__What you have to do__. Report how many lines below contain the word "with", giving the number and no other words.

Collection entries
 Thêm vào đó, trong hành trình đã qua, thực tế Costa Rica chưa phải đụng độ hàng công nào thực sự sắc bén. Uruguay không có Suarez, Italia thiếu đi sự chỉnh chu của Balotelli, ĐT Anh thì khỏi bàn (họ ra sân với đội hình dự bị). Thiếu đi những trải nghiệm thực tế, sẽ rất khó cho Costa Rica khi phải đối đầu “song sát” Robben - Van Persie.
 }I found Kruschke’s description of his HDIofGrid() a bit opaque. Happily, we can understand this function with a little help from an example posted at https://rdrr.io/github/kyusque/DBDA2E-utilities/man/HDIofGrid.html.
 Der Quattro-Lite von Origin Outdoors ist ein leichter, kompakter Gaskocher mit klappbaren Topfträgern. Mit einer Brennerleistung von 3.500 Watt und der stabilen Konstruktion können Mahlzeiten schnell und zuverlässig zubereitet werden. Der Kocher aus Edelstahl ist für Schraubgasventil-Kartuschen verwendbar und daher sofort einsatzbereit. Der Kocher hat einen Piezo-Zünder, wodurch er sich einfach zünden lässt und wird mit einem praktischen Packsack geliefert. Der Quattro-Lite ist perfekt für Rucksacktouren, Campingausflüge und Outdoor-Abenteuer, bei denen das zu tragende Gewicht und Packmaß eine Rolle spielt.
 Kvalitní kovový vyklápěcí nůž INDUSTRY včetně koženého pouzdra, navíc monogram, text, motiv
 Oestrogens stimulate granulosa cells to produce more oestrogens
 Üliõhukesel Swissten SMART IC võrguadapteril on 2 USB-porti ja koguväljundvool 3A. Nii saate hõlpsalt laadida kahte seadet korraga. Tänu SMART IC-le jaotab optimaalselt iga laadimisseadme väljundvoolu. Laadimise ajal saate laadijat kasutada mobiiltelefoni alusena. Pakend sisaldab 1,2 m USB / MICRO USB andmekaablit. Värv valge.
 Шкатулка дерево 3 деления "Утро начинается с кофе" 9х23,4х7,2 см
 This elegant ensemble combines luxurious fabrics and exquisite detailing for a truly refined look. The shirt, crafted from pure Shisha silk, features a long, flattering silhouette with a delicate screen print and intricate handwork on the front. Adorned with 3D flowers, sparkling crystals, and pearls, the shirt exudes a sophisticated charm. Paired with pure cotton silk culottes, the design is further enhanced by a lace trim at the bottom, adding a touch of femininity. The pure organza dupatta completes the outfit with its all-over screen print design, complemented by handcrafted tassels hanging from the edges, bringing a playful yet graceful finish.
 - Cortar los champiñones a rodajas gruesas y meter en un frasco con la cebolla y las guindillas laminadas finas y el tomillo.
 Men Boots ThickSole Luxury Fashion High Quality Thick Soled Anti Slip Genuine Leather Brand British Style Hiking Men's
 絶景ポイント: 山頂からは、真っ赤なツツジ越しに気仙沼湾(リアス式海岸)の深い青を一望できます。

__Output for this exercise__. 2